When you run println!("{parser}")
after the above example, a table similar to the following one should be printed:
┌─────────────────────────────┬─────────────────────────────────┬─────────────────────────────────┐
│ ϛF399 ┆ ┆ │
│ └─Usize(0) ┆ ┆ │
│ Δ05F3∵2387⋅F399 ┆ ┆ │
│ └─Usize(m) => Sum(0, n + m) ┆ ┆ │
│ ┆ ┆ │
├╌╌╌╌╌╌╌╌╌╌╌╌╌╌╌╌╌╌╌╌╌╌╌╌╌╌╌╌╌┼╌╌╌╌╌╌╌╌╌╌╌╌╌╌╌╌╌╌╌╌╌╌╌╌╌╌╌╌╌╌╌╌╌┼╌╌╌╌╌╌╌╌╌╌╌╌╌╌╌╌╌╌╌╌╌╌╌╌╌╌╌╌╌╌╌╌╌┤
│ ϛ0462 ┆ Δ2BAA∵05F3:0462 ┆ │
│ └─Usize(1) ┆ └─=> Sum(0, n + m) ┆ │
│ Δ7DF4∵2387⋅0462 ┆ ϛ22F6∵2BAA ┆ │
│ └─Usize(m) => Sum(0, n + m) ┆ └─Sum(0, 1) ┆ │
│ ┆ Δ3C49∵8DF6⋅22F6 ┆ │
│ ┆ └─Usize(m) => Sum(l + 1, n + m) ┆ │
│ ┆ ┆ │
├╌╌╌╌╌╌╌╌╌╌╌╌╌╌╌╌╌╌╌╌╌╌╌╌╌╌╌╌╌┼╌╌╌╌╌╌╌╌╌╌╌╌╌╌╌╌╌╌╌╌╌╌╌╌╌╌╌╌╌╌╌╌╌┼╌╌╌╌╌╌╌╌╌╌╌╌╌╌╌╌╌╌╌╌╌╌╌╌╌╌╌╌╌╌╌╌╌┤
│ ϛE929 ┆ Δ8B43∵7DF4:E929 ┆ ΔD9DA∵3C49:E929 │
│ └─Usize(2) ┆ └─=> Sum(0, n + m) ┆ └─=> Sum(l + 1, n + m) │
│ ΔC910∵2387⋅E929 ┆ ϛD5EB∵8B43 ┆ ϛ2363∵D9DA │
│ └─Usize(m) => Sum(0, n + m) ┆ └─Sum(0, 3) ┆ └─Sum(1, 3) │
│ ┆ ΔECCC∵8DF6⋅D5EB ┆ Δ09CD∵8DF6⋅2363 │
│ ┆ └─Usize(m) => Sum(l + 1, n + m) ┆ └─Usize(m) => Sum(l + 1, n + m) │
│ ┆ ┆ │
└─────────────────────────────┴─────────────────────────────────┴─────────────────────────────────┘
Two lines of text connected by └─
is an item. An item is either a reducer ϛ
or a reduction Δ
. The 4-digit code after the Greek character is an opaque ID of the item. The second line represents the content of the item.

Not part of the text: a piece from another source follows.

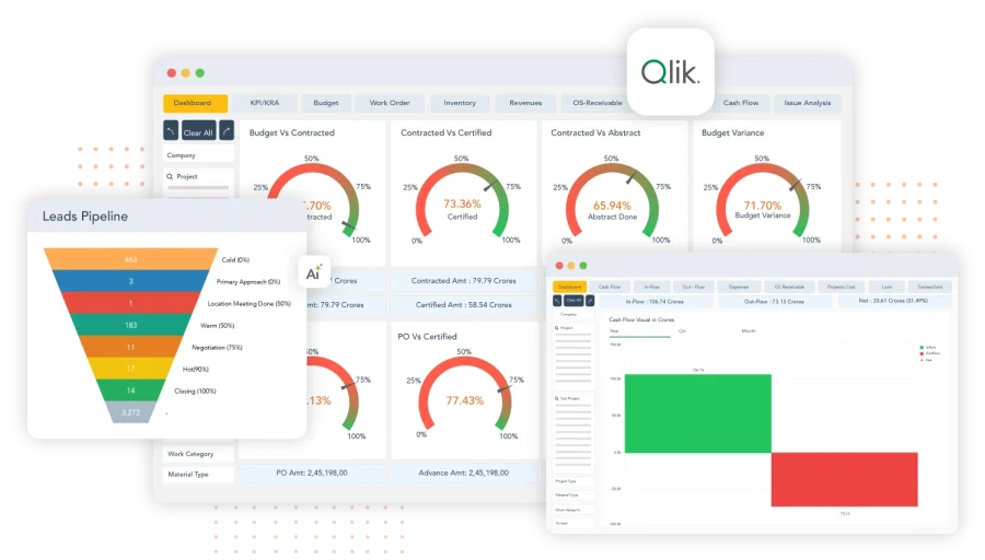Embrace the only ERP software for real estate with Qlik’s advanced real-time Business Intelligence solution. Harness upon deep actionable insights to identify areas of improvement, and fix them with our tool.
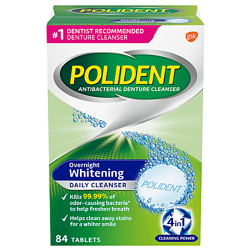 Polident Antibacterial Overnight Whitening Tablets Denture Cleanser 84 Ea

A reducer is either an input or a conclusion (a consequent symbol originated from the right hand side of a syntactic rule). When a reducer is plotted into the chart, it shall cause reductions as per the given grammar and the current context of the chart (these two corresponds to the notion of “state set” in the Earley's algorithm).

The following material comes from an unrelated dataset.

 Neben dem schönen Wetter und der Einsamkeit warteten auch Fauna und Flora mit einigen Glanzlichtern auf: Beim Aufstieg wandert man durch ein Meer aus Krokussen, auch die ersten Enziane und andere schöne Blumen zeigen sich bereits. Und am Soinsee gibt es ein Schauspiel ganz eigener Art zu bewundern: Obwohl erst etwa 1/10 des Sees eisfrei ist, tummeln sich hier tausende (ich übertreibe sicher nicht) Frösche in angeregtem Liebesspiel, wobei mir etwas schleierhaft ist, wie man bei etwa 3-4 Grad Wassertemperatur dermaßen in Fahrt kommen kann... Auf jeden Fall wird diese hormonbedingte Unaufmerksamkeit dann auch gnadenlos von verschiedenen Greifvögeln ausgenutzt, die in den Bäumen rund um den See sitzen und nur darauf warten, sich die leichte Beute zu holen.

A reduction represents a single step of derivation, meaning an internal node of a parse tree. By nature, it contains two parents being a reducible (a.k.a. a subrule; a non-zero-antecedent suffix of a syntactic rule) and a reducer, and contains one child being a reductum, which is either another reducible or a consequence (a zero-antecedent suffix of a syntactic rule). This is why the ID of a reduction is followed by the “because” symbol ∵
and two IDs, each representing the reducible and the reducer respectively. The separator ⋅
or :
indicates whether the reducible was a rule (i.e. derived direcly from the grammar) or a strict subrule (i.e. derived from the context of the chart) respectively.

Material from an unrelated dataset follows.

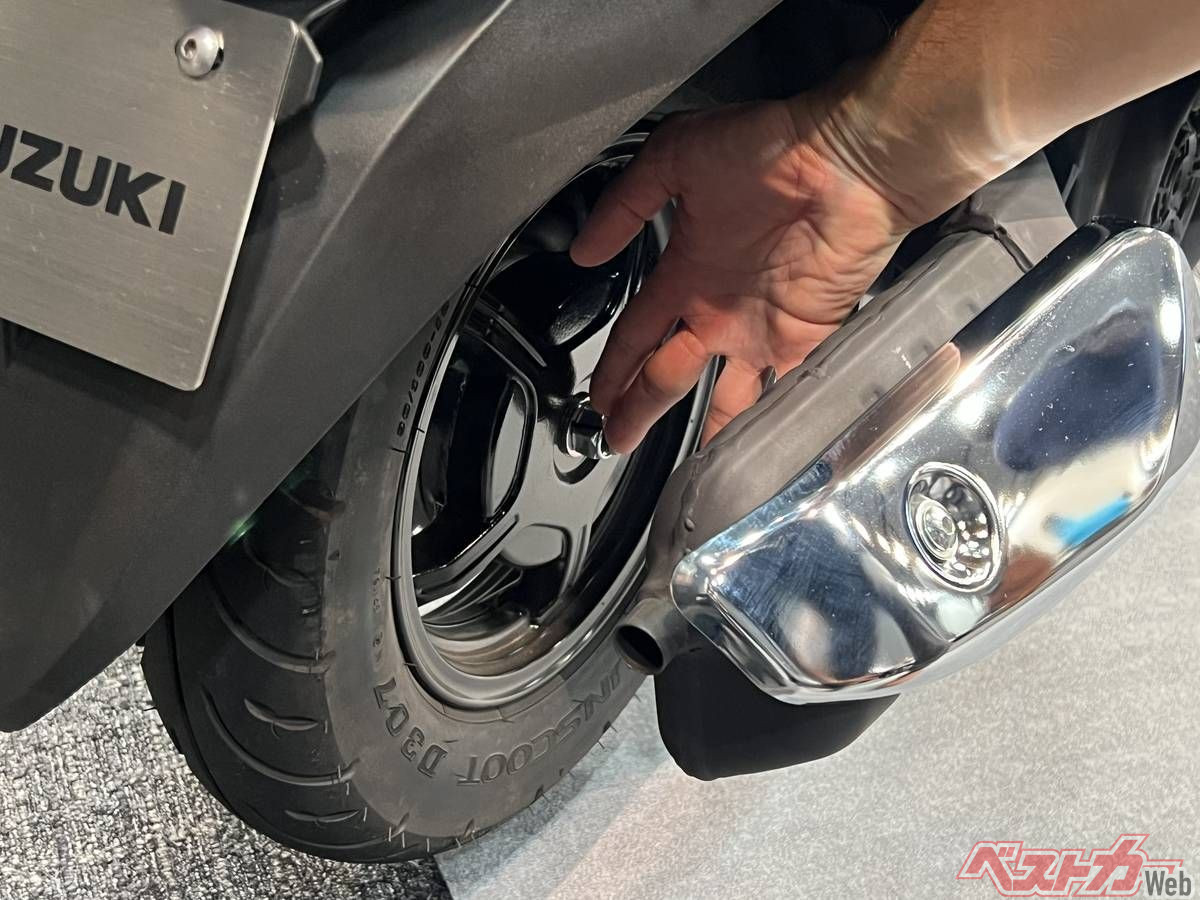 マフラーのデザインも変わったが、タイヤ交換がしやすい工夫のホイールとのスペースは従来通り。

Reductions with the reductum being a consequence are called conclusive. For instance in the above table Δ2BAA
, Δ8B43
, and ΔD9DA
are conclusive. Technically, conclusive reductions don't directly cause further reductions. They instead plot the conclusions to the chart at the appropriate cell for each. This is why the ID of a reducer is sometimes followed by the ∵
and one ID, representing the conclusive reduction.
As you may anticipate, textual representations of tables immediately explode when given many inputs. We would like to provide a way to output internal data in an interoperable format, and an HTML frontend to inspect them, in the near future.